🤖 AI Summary
Existing methods for full-stage recognition in long robotic-assisted surgical videos suffer from high computational complexity and an inability to jointly model fine-grained local visual details and global temporal dynamics. Method: We propose a Hierarchical Input-dependent State Space Model (HI-SSM), featuring a novel input-driven two-level SSM architecture that jointly encodes local visual features and global surgical progression; a hybrid supervision strategy combining discrete phase labels and continuous progress signals; and efficient linear-time inference that overcomes the quadratic complexity bottleneck of Transformers. The model integrates a visual encoder with a hierarchical SSM head for end-to-end whole-video understanding. Results: On Cholec80, MICCAI2016, and Heichole benchmarks, HI-SSM achieves absolute accuracy improvements of 2.8%, 4.3%, and 12.9%, respectively, significantly outperforming state-of-the-art approaches.
📝 Abstract
Surgical workflow analysis is essential in robot-assisted surgeries, yet the long duration of such procedures poses significant challenges for comprehensive video analysis. Recent approaches have predominantly relied on transformer models; however, their quadratic attention mechanism restricts efficient processing of lengthy surgical videos.

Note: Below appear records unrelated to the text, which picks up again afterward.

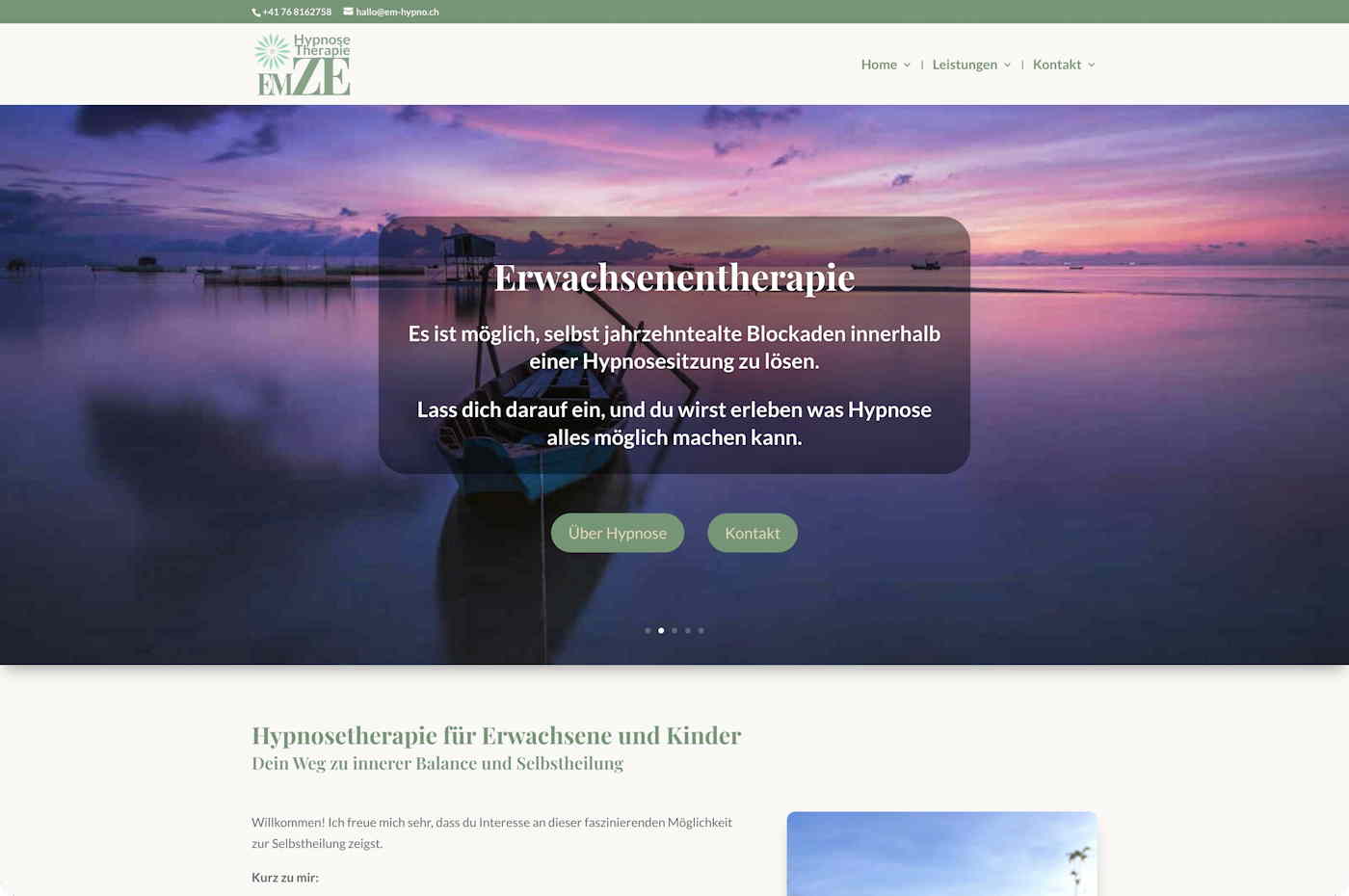 Die Website präsentiert die Hypnosetherapie der Anbie­terin. Mit einem klaren und harmonischen Design ver­mittelt sie Vertrauen und Professionalität. Besucher erhalten fundierte Informa­tionen über Hypnose, ihre Anwendungsmöglichkeiten und die therapeutischen Ansätze für Erwachsene und Kinder. Die Buchung eines Termins ist einfach und direkt möglich.
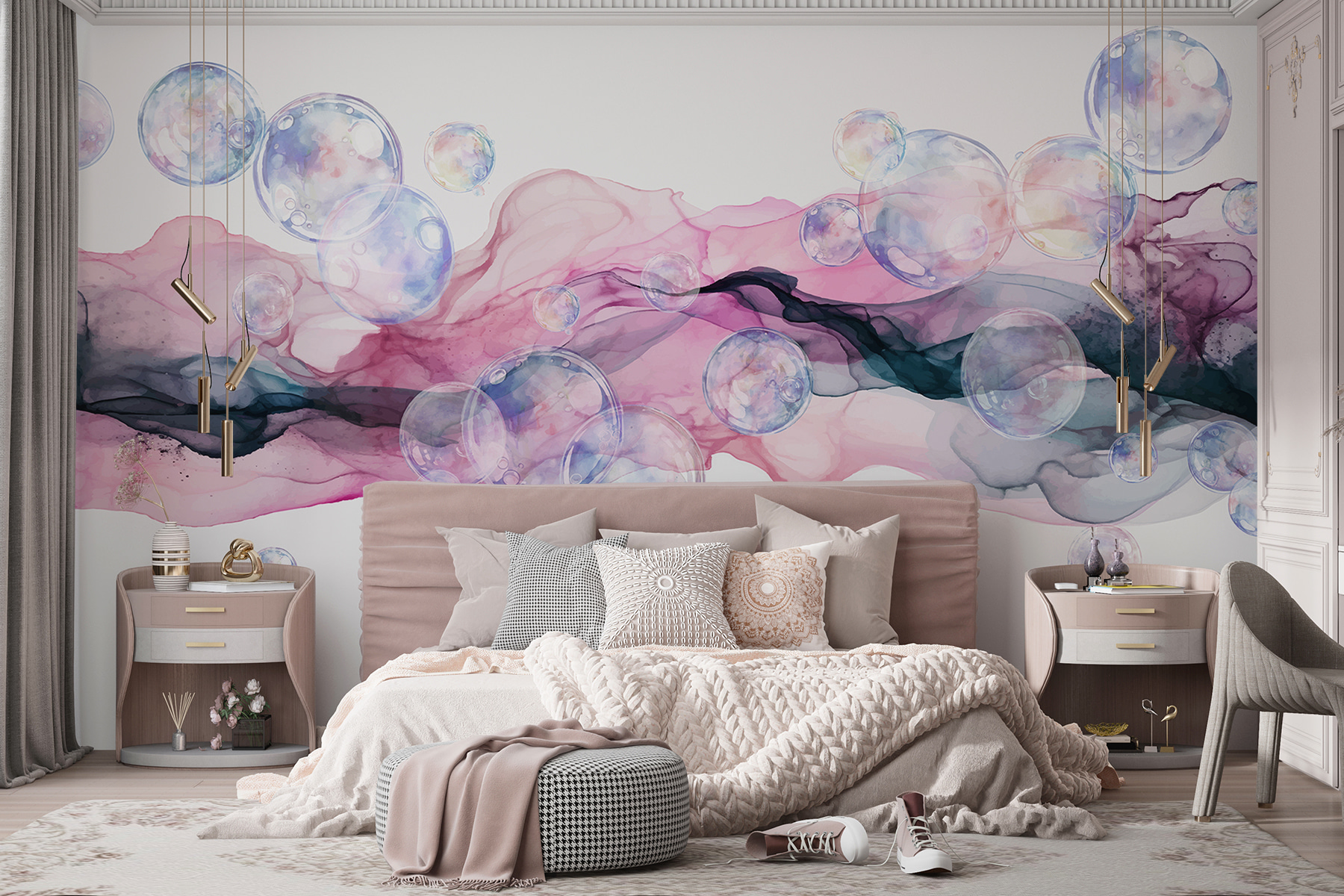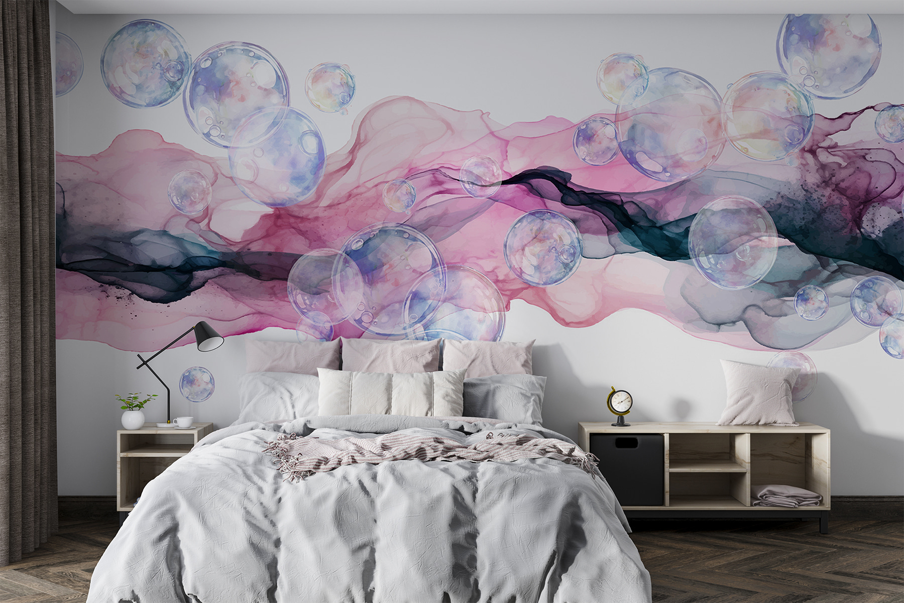 Imaginați-vă un vis cu ochii deschiși devenit tangibil – această pictură murală este magie pură. Aceste bule, ca niște șoapte suave, plutesc într-un dans fermecător de roz și purpuriu. Ați simțit vreodată că pășiți într-o pictură în acuarelă? Iată șansa ta. Camera ta ar putea fi o oază liniștitoare sau un univers capricios, în care creativitatea pur și simplu curge. Simțiți cum vă învăluie seninătatea pe măsură ce lumina atinge aceste nuanțe delicate, aruncând reflexii blânde. Perfect pentru oricine crede în frumusețea imaginației – și cine nu are nevoie de un pic mai multă fantezie în viața sa?
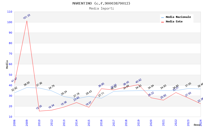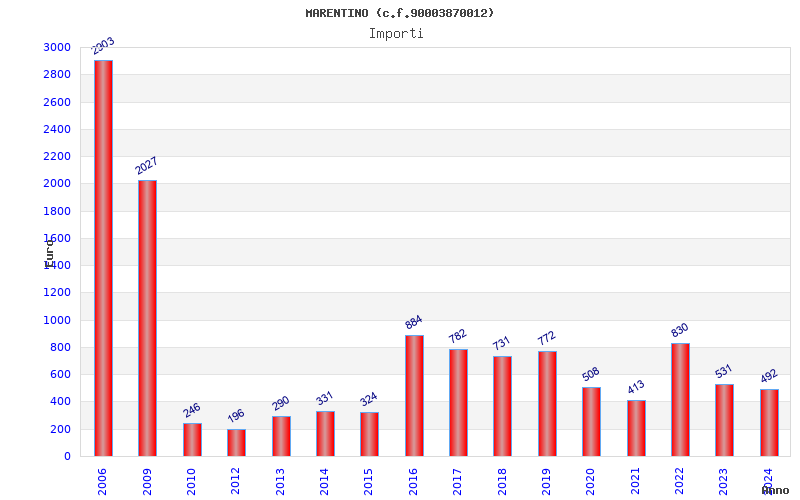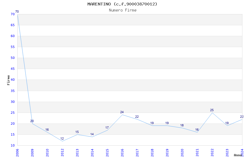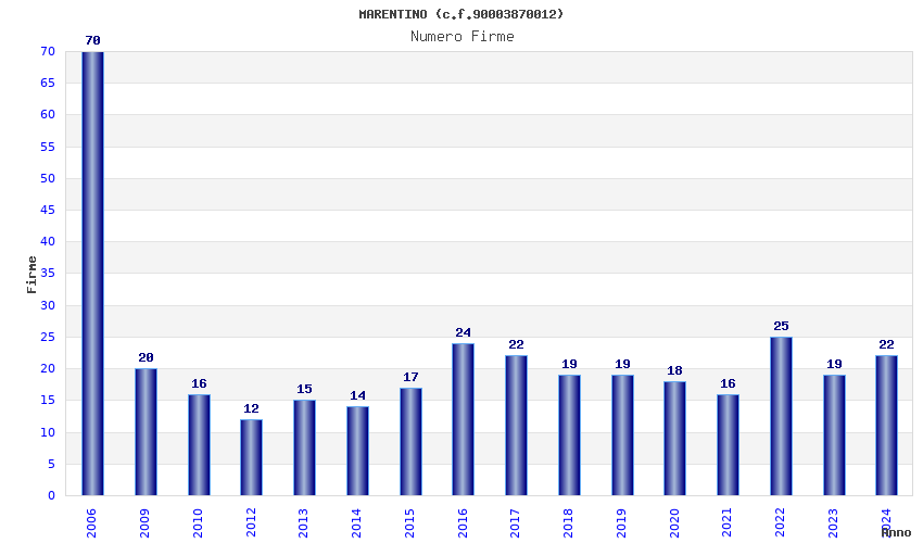 | Anno | Firme | Importi | Media | Naz. | Reg. | Prov. | Comu. |
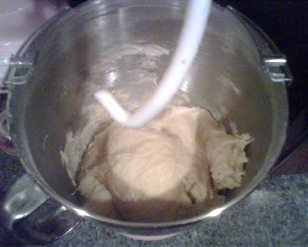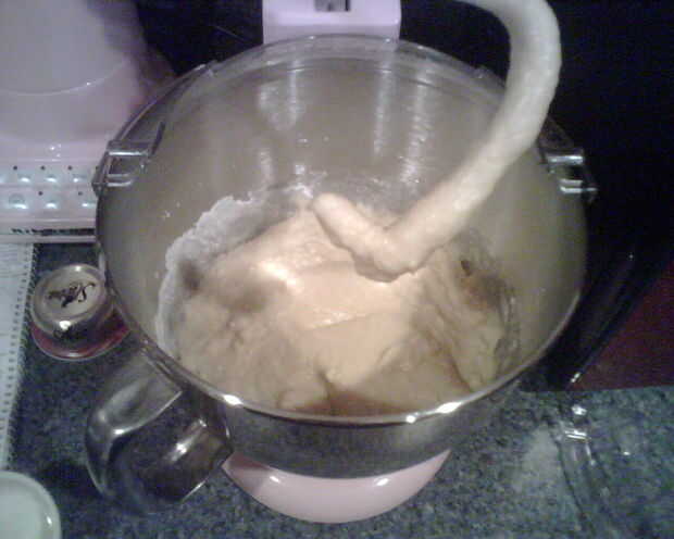 mantener la mezcla unos dos minutos más hasta que la pasta se pega el gancho y tira de los lados.
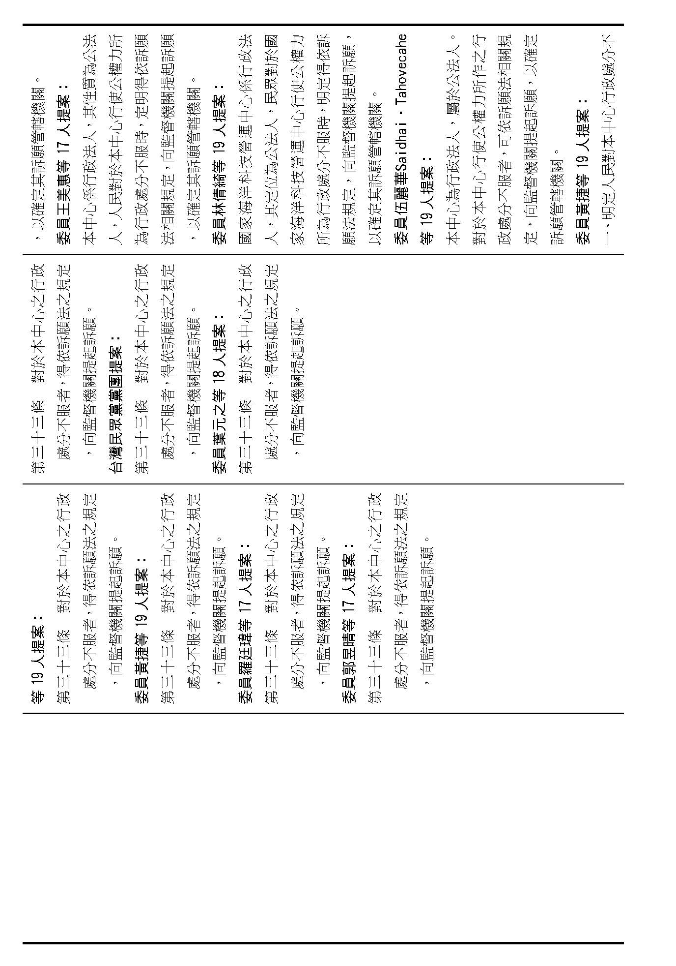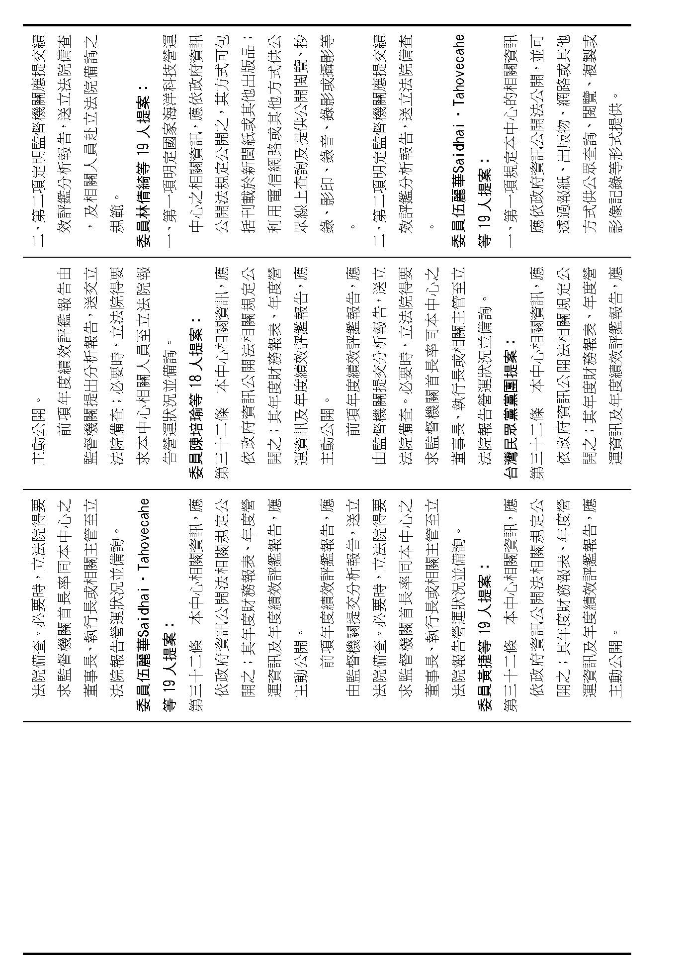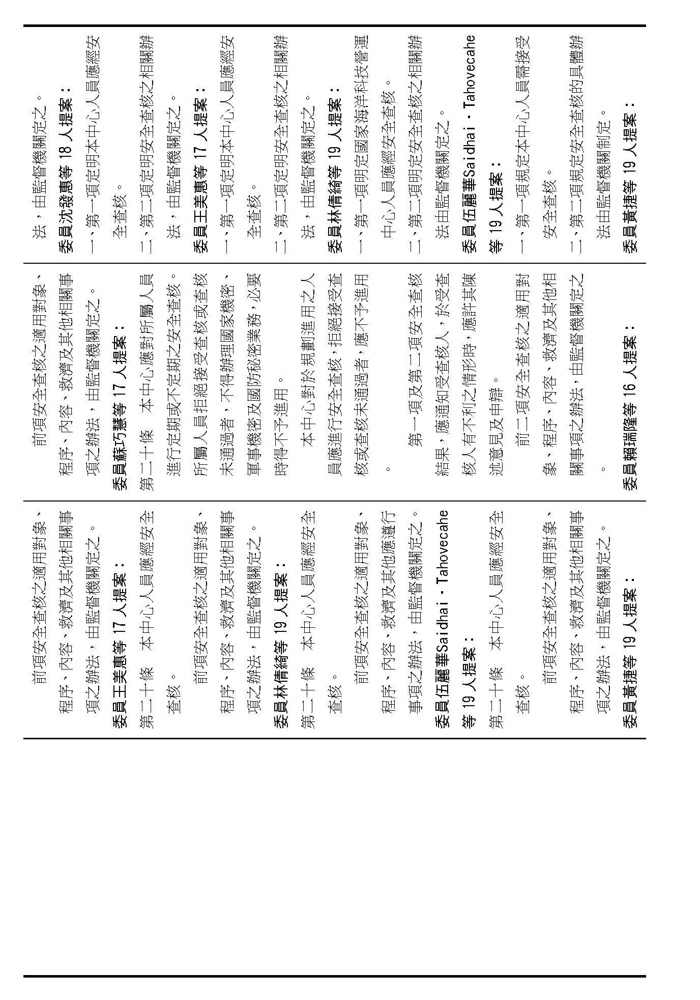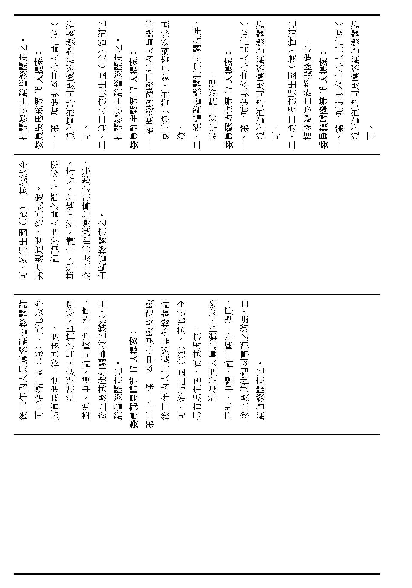 主席:第二十條修正動議,在場委員有沒有不同意見?(無)如果沒有的話,我們就按照黃國昌委員等7人所提修正動議通過。

In this paper, we propose a novel hierarchical input-dependent state space model that leverages the linear scaling property of state space models to enable decision making on full-length videos while capturing both local and global dynamics. Our framework incorporates a temporally consistent visual feature extractor, which appends a state space model head to a visual feature extractor to propagate temporal information. The proposed model consists of two key modules: a local-aggregation state space model block that effectively captures intricate local dynamics, and a global-relation state space model block that models temporal dependencies across the entire video. The model is trained using a hybrid discrete-continuous supervision strategy, where both signals of discrete phase labels and continuous phase progresses are propagated through the network. Experiments have shown that our method outperforms the current state-of-the-art methods by a large margin (+2.8% on Cholec80, +4.3% on MICCAI2016, and +12.9% on Heichole datasets). Code will be publicly available after paper acceptance.